The larvae of this species are cryptic, camouflaging themselves against their host species of lichens.

Hudson described the larvae as follows:

The length of the larva was 1/2 inches. Blackish-grey, glacous-grey on sides; large dorsal spots on segments 6 to 9, small dorsal spots on segments 10 to 12, light grey. Body surface covered with minute tubercles and narrow transverse folds.

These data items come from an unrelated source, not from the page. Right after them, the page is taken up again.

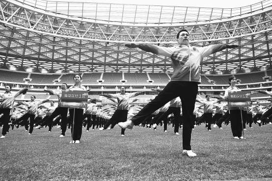 新闻报道绿茵场上千人挥臂做操
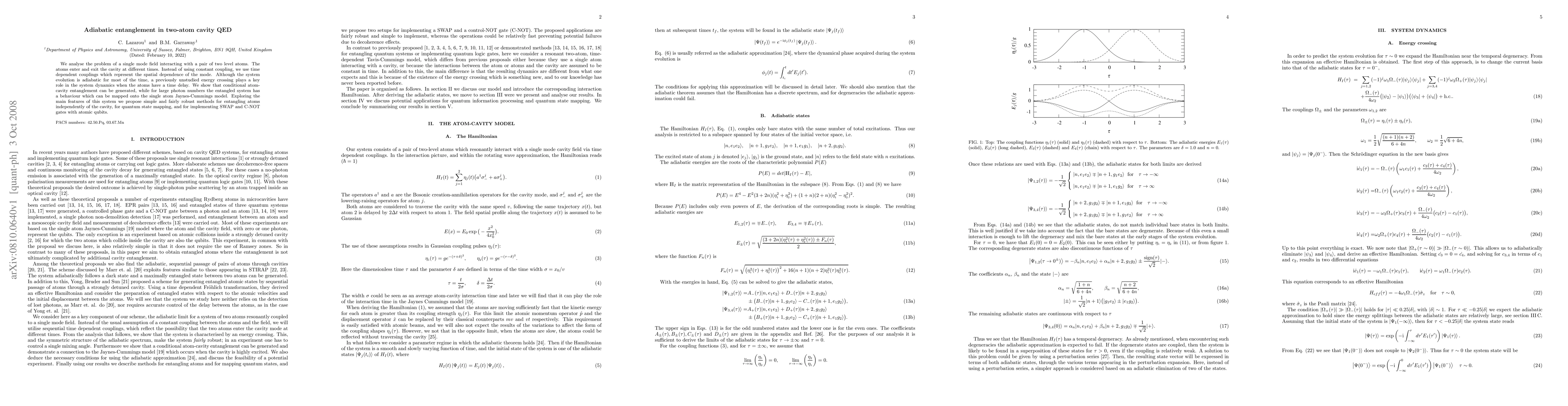 We analyse the problem of a single mode field interacting with a pair of two level atoms. The atoms enter and exit the cavity at different times. Instead of using constant coupling, we use time dependent couplings which represent the spatial dependence of the mode. Although the system evolution is adiabatic for most of the time, a previously unstudied energy crossing plays a key role in the system dynamics when the atoms have a time delay. We show that conditional atom-cavity entanglement can be generated, while for large photon numbers the entangled system has a behaviour which can be mapped onto the single atom Jaynes-Cummings model. Exploring the main features of this system we propose simple and fairly robust methods for entangling atoms independently of the cavity, for quantum state mapping, and for implementing SWAP and C-NOT gates with atomic qubits.
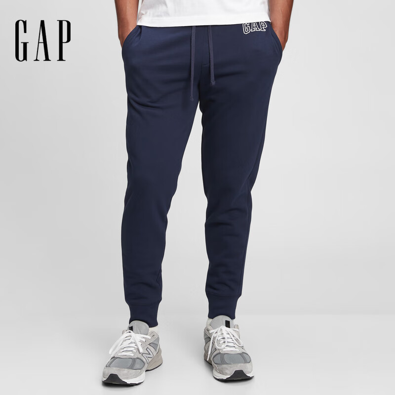 旗舰店Gap男装2025秋季新款抓绒松紧腰针织束脚裤运动裤休闲长裤500382 海军蓝 M 美码 L亚洲码180/100A
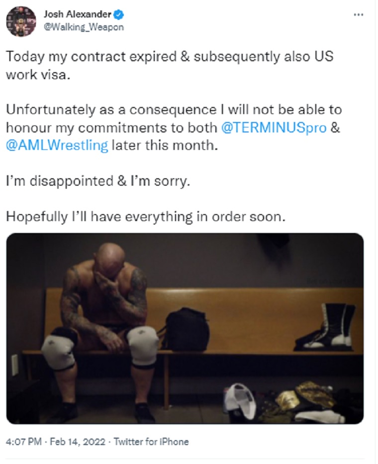 Unfortunately as a consequence I will not be able to honour my commitments to both @TERMINUSpro & @AMLWrestling later this month.
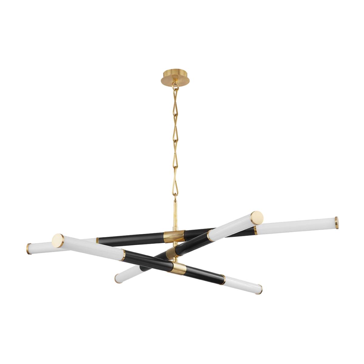 Olivia’s is pleased to present the eye-catching Huntington LED chandelier from the innovative and creative designers at Hudson Valley. Update and modernise your interior décor by replacing tired, o. View More. Olivia’s is pleased to present the eye-catching Huntington LED chandelier from the innovative and creative designers at Hudson Valley. Update and modernise your interior décor by replacing tired, outdated light fittings with the simply beautiful, unique Huntington. Milk-glass tubes are sheathed with bold black shades and capped with metal accents, creating an interesting effect that will bathe your interior in a warm, inviting glow. The Huntington chandelier comes in a choice of two stunning finishes: The aged-old bronze version is pictured below, and the second finish is a gleaming, polished nickel. Both will elevate the tone of your interiors. Measures: Height: 400. 05cm x Width: 152. 4cm.
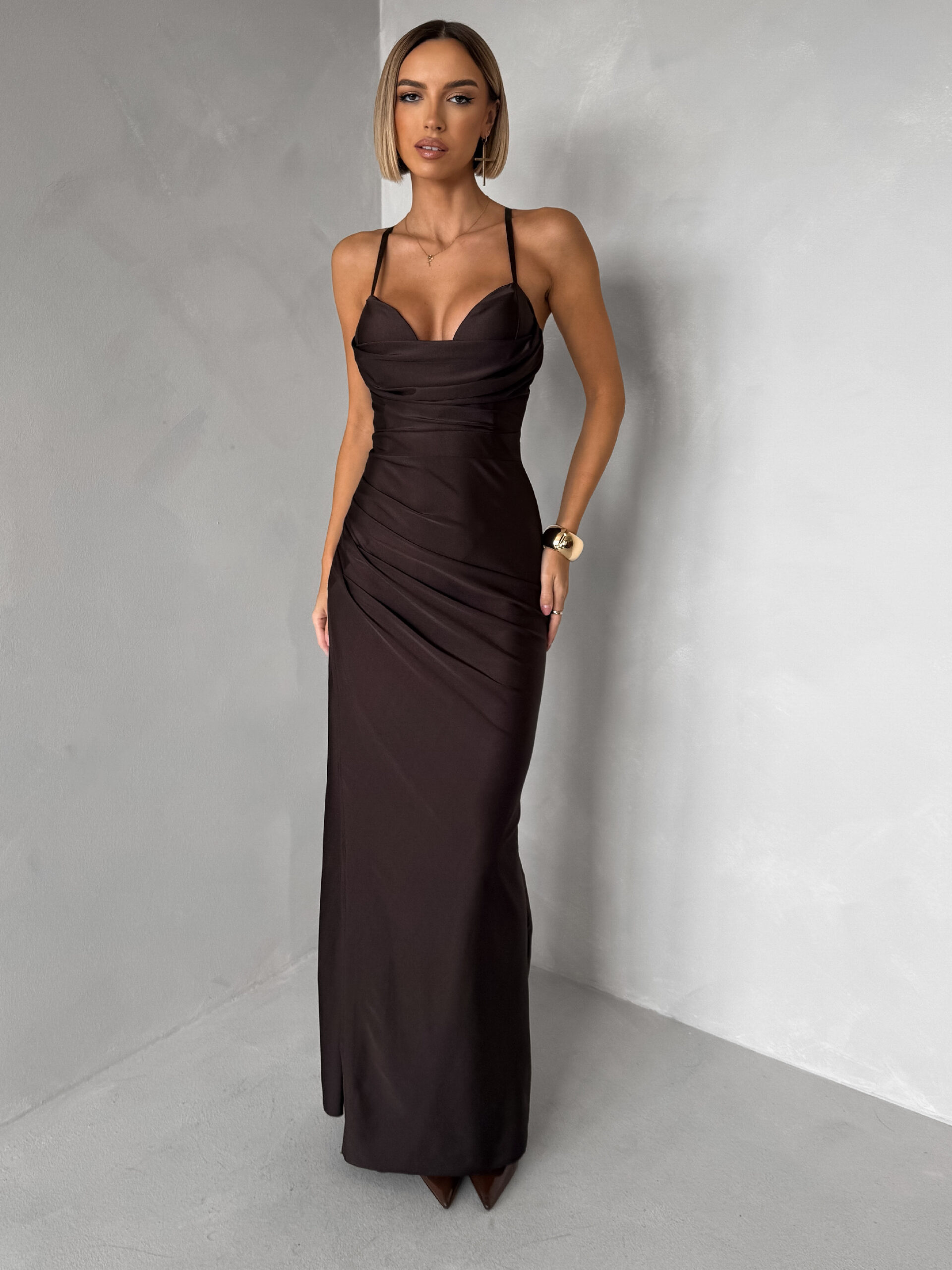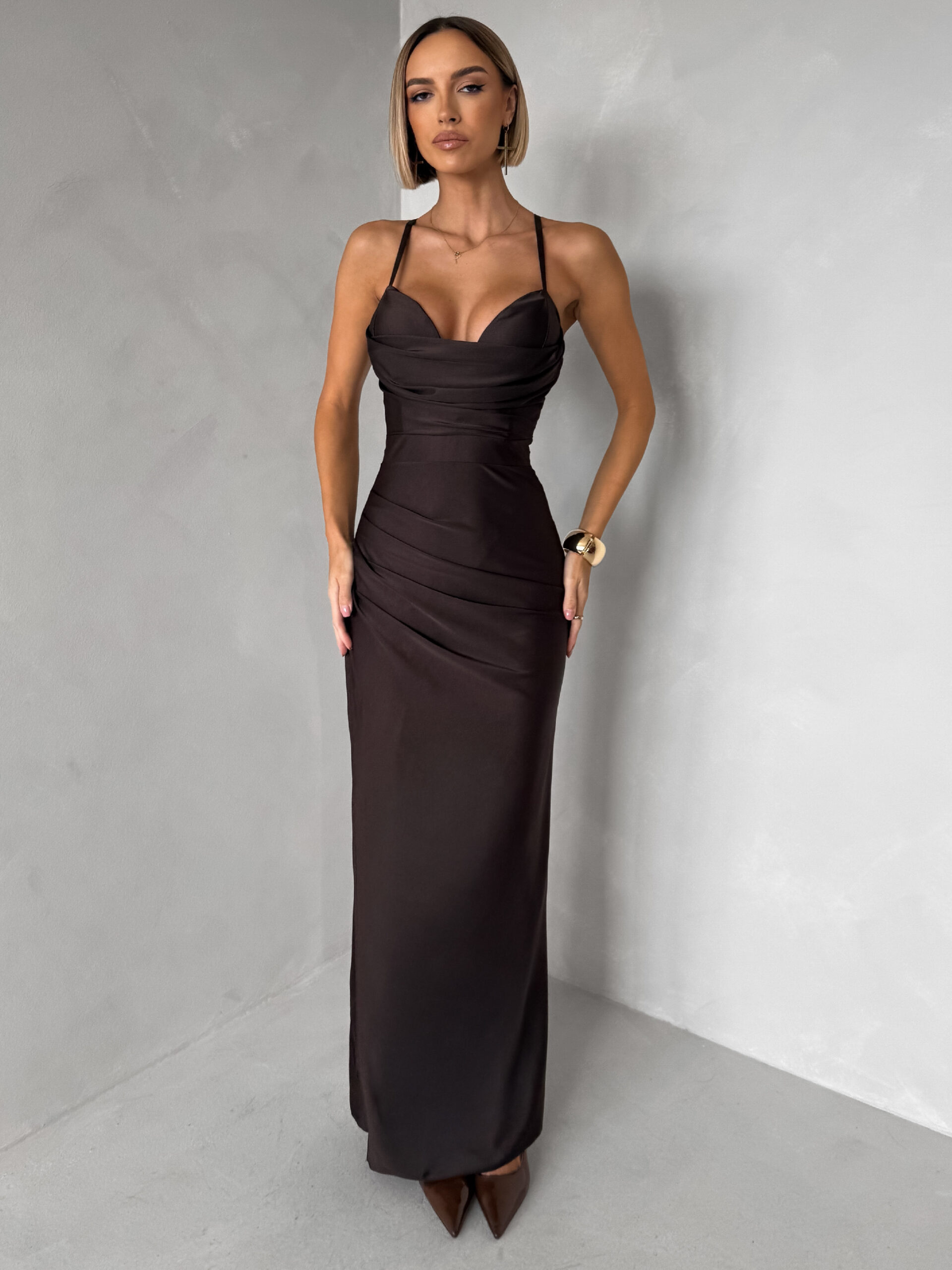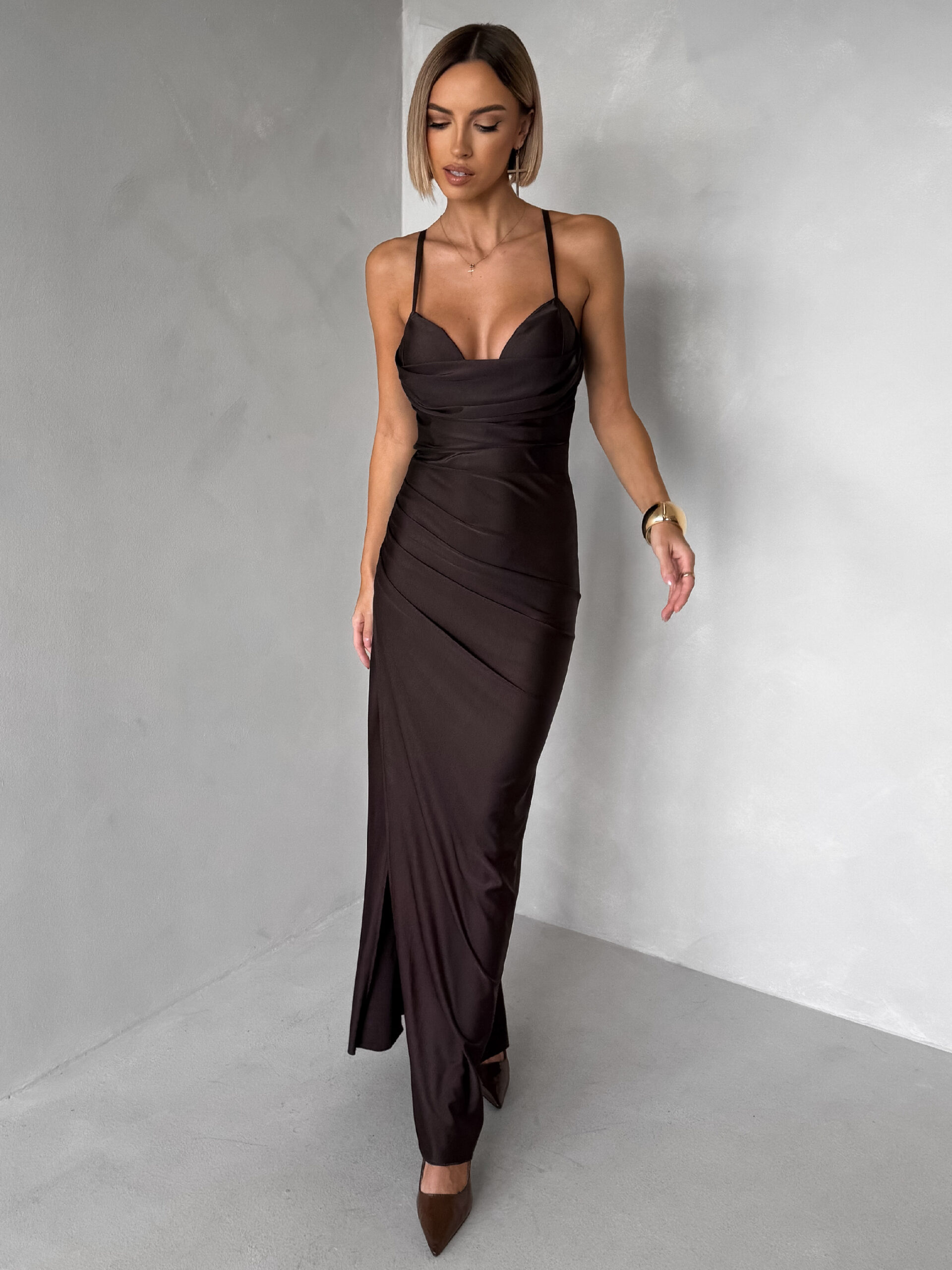 Tmavě hnědé dlouhé saténové šaty ORIXY s výstřihem Velikost: ONESIZE

Meyrick described this species as follows:

♂. 17mm. Head, palpi, thorax, and abdomen blackish-grey, slightly whitish-sprinkled, palpi 3 ½. Antennal pectinations 6. Forewings triangular, costa faintly sinuate, apex rounded-obtuse, termen obliquely rounded; dark grey sprinkled with black and grey-whitish, veins partially suffused with yellow-ochreous irroration; lines obscurely indicated by whitish irroration, irregular, first somewhat sinuate, indented below middle, edged posteriorly with black irroration becoming broad towards costa, second slightly prominent near costa and dorsum, and with a moderate bidentate prominence in middle, edged anteriorly with black irroration also becoming broad towards costa, subterminal hardly traceable; a small blackish transverse discal mark before second line: cilia dark grey, slightly sprinkled with black and whitish. Hindwings with termen rounded; dark fuscous; a fine indistinct grey-whitish curved post-median line, sinuate inwards in middle: cilia dark fuscous.
This species is similar in appearance to D. sphaeriata but is smaller.

== Distribution ==
It is endemic to New Zealand. This species is found only around Christchurch and the Banks Peninsular. As well as the type locality, this species has also been observed at Mount Grey.

== Behaviour ==
The larvae of D. cynica feed on lichens growing on dry sunny rock faces. The adults of this species are on the wing from September to February. This species is active during the day and flies rapidly.